German journalist (born 1946)

Henryk Marcin Broder (born 20 August 1946), self-designation Henryk Modest Broder, is a Polish-born German journalist, author, and television personality. He was born into a Jewish family in Katowice, Poland.

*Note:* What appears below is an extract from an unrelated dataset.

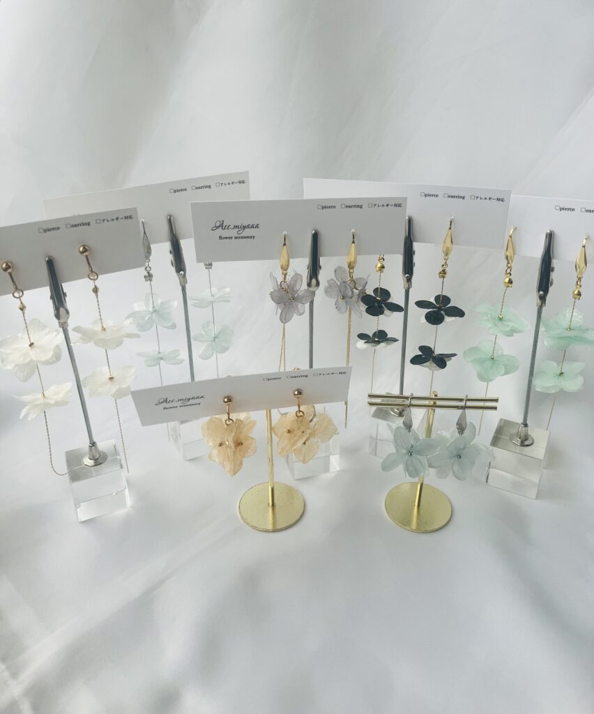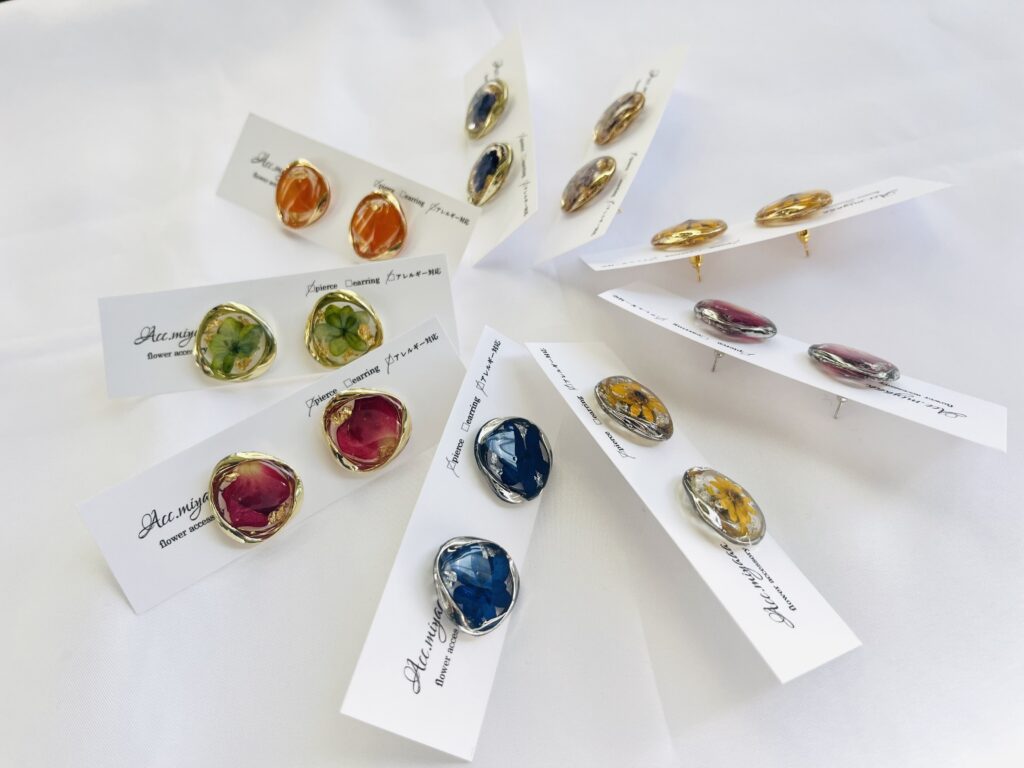 全て本物のお花を使用したフラワーアクセサリーと、色も型も1から作るアゲートアクセサリーはどれも1点もののアクセサリーです。

Broder is especially interested in Vergangenheitsbewältigung, Islam, Israel, and the Israeli–Palestinian conflict. He sees a close relationship between German criticism of Israel's policies and antisemitism.

==Career==
===Views===
Ever since Operation Entebbe, Broder grew more and more critical of the German approach towards Israel, and what Broder sees as appeasement towards Islamic threats. In Broder's opinion, anti-Zionism is in essence antisemitic.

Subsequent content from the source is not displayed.